If you put the foundation together and the empty frame together. if you intersperse them they will fatten the drawn comb and never draw the foundation (or foundationless). The combs will be too fat to get the frames out.
Quote from: Michael Bush on April 05, 2014, 10:12:30 AM
>Can I mix foundation with drawn comb in my supers with nine frame spacers?
If you put the foundation together and the empty frame together. if you intersperse them they will fatten the drawn comb and never draw the foundation (or foundationless). The combs will be too fat to get the frames out.

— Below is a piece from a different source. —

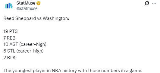 根据数据统计显示,在2000年之后能单场得到至少19分7篮板10助攻6抢断2盖帽的球员,除了今天的谢泼德之外,还有约基奇、詹姆斯-哈登和安德烈-基里连科。谢泼德也是NBA历史上能拿到上述数据的最年轻球员。
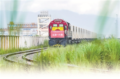 8月23日,前往老撾萬(wàn)象的國(guó)際貨物列車駛出中老鐵路中國(guó)玉溪研和站。當(dāng)日,中老鐵路國(guó)際貨物列車(玉溪—萬(wàn)象)實(shí)現(xiàn)雙向開行。新華社記者 陳欣波 攝

Does this apply to both honey supers and brood boxes? I thought it was best to put them "every other one" to get them to draw straight (foundationless) comb. Is that practice only for brood frames? Do they only fatten drawn comb used to store honey? I feel like I am about to have an epiphany... but don't want to make any assumptions.

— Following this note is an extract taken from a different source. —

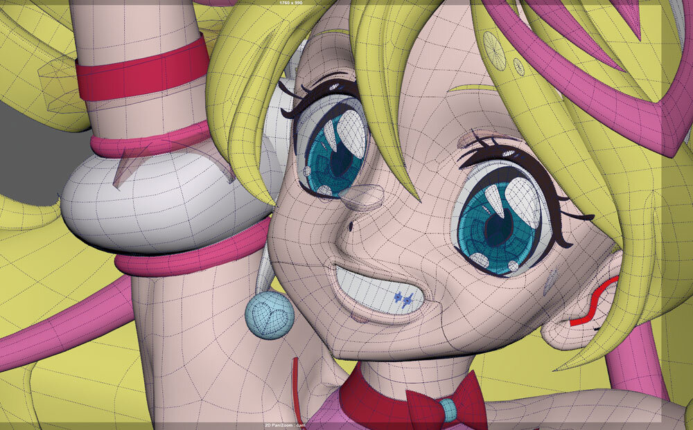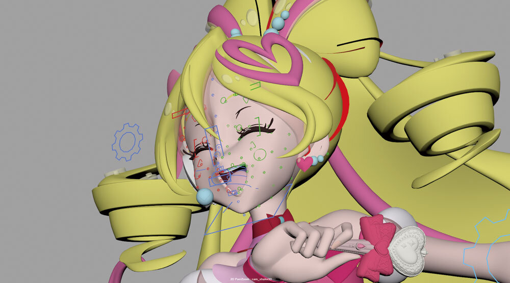 アニメーション付けについては前述の鄭氏に加え、可愛い表情が得意なCGアニメーターの髙橋七奈氏、揺れものと本編バンクを担当した、同じくCGアニメーターの高野伊織利氏に話を聞いた。髙橋氏は「可愛い表情をつくるために、パーツの位置にはこだわりました。鼻と口の間の人中の長さや、あごの長さ、比率を意識しています」と、コツを教えてくれた。

From my observations, yes, they will only fatten the honey comb. They like that comb very deep. The brood comb only needs to bee depth.
The big differnce is weather the honey is capped frames or not. If not they will fatten the comb. Best to put all the drawn together and all the foundation together. Like in foundationless which I don't do I think you use capped frames or drawn as a guide. Kinda similar.... a little :-D With brood frames you can intercede them because you are not as worried about them fattening the honey comb.
>Does this apply to both honey supers and brood boxes?
No. Just honey supers.
> I thought it was best to put them "every other one" to get them to draw straight (foundationless) comb.
Assuming you don't spread them too thin, this works fine in the brood nest.
>Is that practice only for brood frames?
Yes. Brood comb is a consistent depth. They will not fatten it beyond that, they will draw a new comb. Honey storage is not a fixed depth. They will fatten it.
>Do they only fatten drawn comb used to store honey?
Correct.
What Michael and Merice said has exactly been my experience. Don't interspace in honey supers, you will just end up with monster comb on the ones already drawn out. Cool to walk in the house with and say "Look what I found!" but not what you are trying for.
You can put foundationless frames in honey supers as long as the empty foundationless frame is in between two capped frames of honey. Then they simply draw the frame and fill it. But between uncapped honey frames, the bees ignore the empty frame and make fat honey comb of the two uncapped frames.
I have been regularly "checkerboarding" my honey supers and its amazing how fast the bees work the foundationless - and we are not in the main nectar flow yet. When I add a new honey super, instead of putting the empty box on the hive, I set it on the inner cover on the ground and move frames 2, 4, 6, and 8 from the full super on the hive into the empty super on the inner cover. Then I lift the original hive box off for the inspection, if that's what I am doing. I'm only lifting half the weight and the hive will have a new box on it when I restack everything.
I have one hive with six supers on it already and another with five. And I've gotten three swarms in the last week. Looks like it might be a good bee year.
Linda T in Atlanta
(long silent, I know - really bee busy in Atlanta)
I have had the best luck in the honey supers by bringing up two frames that the bees are working [not capped yet] putting them in the middle with the empties on each side. You still have to check but usually they will draw the frame next to the ones they are working and go out. Sometimes they just go one way and you can slide the drawn frames over to the side as they draw the empties.